Спальники сторожили по лавкам каждый знак государя и, не зная, чем помочь его горю, искренне желали, чтобы Господь наслал на царя опойный сон. Алексей Михайлович присел к столу, выудил из серебряного ставика лебяжью остро заточенную тростку и принялся писать царице прощальное письмо, с тем чтобы положить его тайком во гроб. Ставня, плохо ли закрытая на засовец, иль от чьей неведомой руки, но вдруг гулко отпахнулась, так что Алексей Михайлович болезненно вздрогнул, и в продух влетела белая голубка с рыжей коруною на голове, опустилась на переднюю застенку раскинутой ко сну постели и загулькала свирельным горлышком.
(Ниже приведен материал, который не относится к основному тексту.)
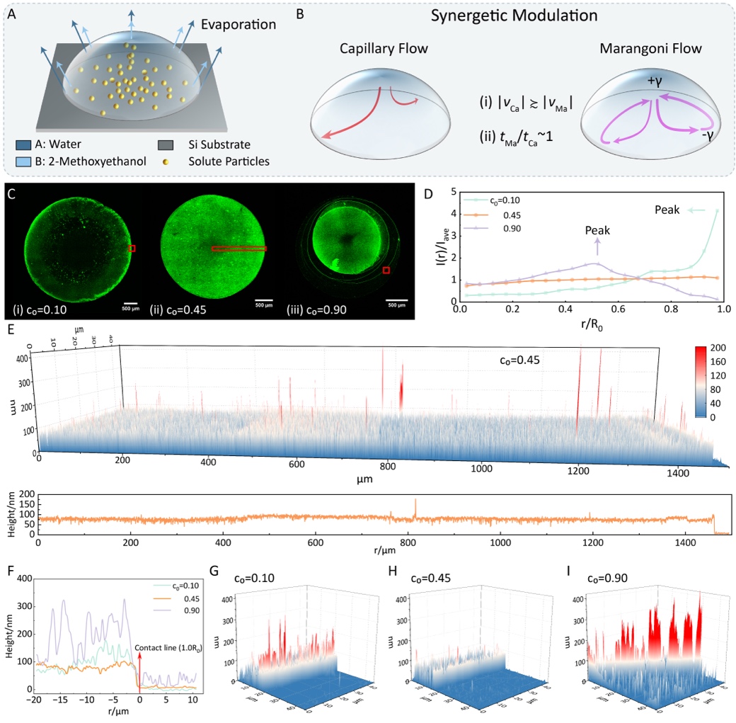 本研究提出的基于马兰戈尼效应的协同调控策略具有独特优势:通过蒸发诱导的溶剂浓度梯度产生马兰戈尼流,仅需调节二元液滴的初始体积比即可精确控制液滴内部的流场强度,无需复杂的化学改性/修饰或严苛的环境条件。这一研究为喷墨打印、微纳器件制造和生物医药等领域的图案化均匀沉积提供了简单可靠的解决方法,在规模化生产和实际应用中展现出重要价值。

Дурной знак! – всполошились спальники, не зная, кого винить, кинулись к ночной незваной гостье, обступили кровать; голубица заметалась по опочивальне, вскружила по-над головами и вдоль стен, взмахом крыл потушивая витые свечи, но закогтилась в тафтяной завесе полога, заплелась в ней и, трепеща, замгнула в ужасе глаза. Царь велел осторожно выпутать птицу и подать в руки. У нее было горячее, знобкое, скользкое тельце, сердце готово взорваться в атласной грудке, и заполошный стук его упруго отдавался в ладонях, прося милости. Государь бережно подул в пестрый хохол, и голубка, уверясь, что жива пока, открыла змеиный, какой-то блестяще-жесткий, непроглядный чернильный зрак, обведенный розоватой каймою…

Нет-нет, то не Марьюшкина нежная душа посетила. Ей-то что за толк отлетать от домовины? поди, няньки уже поставили на подоконье тарель с просяным зерном и водицы корчик, чтобы не оголодала, сердешная, и Марьюшка, тоскуя, уместилась где-нибудь поверх канарейных избушек и досматривает, как спроваживают ее из мира земного родня и челядь…

От этих мыслей что-то оттеплило в груди, царь вздохнул освобожденно и выкинул залетку в ночной морозный кудрявый морок, густо завесивший окно. Сам же захлопнул ставню и набросил крюк. Стольники, чуя укоризну и скрывая растерянность, снова расселись по лавкам, принялись вполголоса судачить, обсуждая случай, припоминали пришедшие в ум досюльные приметы. Государь слушал их вполуха, уверившись, что прилетал вестник за ним; он отбросил сомнения и древние прилики и, минуя сени, где толпились бояре, отправился к Марьюшке.

… Царица лежала на лавке, как фарфоровая кукла, губы уже обвело синим; в подглазьях и на крутизне выступивших скул проступила рыхлая ржавчина.

– Чего расселися? Чего рассупонились? – вдруг всполошилась Анна Ильинична. – Расплылись, как бражное сусло. Христос-от не ждет распустих… Кто ко времени на запятки не вскочит, тому в прибавку сто лет терзаний.

Четыре свойки, приопомнясь, принялись уряживать покоенку. Убрали волосы, покрыли золотной скуфейкой; из суремницы, низанной жемчугом, с помощью спиц вычернили брови и ресницы и седатые паутинные волосы на висках; будто языческую куклу, толсто умазали царицу белилами и впалые щеки нарумянили турским баканом, и губы навели багрецом. Федосья Прокопьевна подавала боярыням коробочки и бочечки яшмовые, и кипарисовые шкатунцы, и погребцы сандалового дерева, клеельницы и скляницы, и ароматницы, стараясь не глядеть на усопшую, как бабьими руками превращается царица в труп повапленный, теряющий всякое сходство с родименькой Марьюшкой, подружней и заступленницей. Боярыни с таким усердием охорашивали мертвенькую, так вошли во вкус, прикусив язык от старания, с таким тщанием мешали белила и краски и прыскали гуляфными вотками из фарфурных скляниц, будто на брачное ложе собирали покоенку.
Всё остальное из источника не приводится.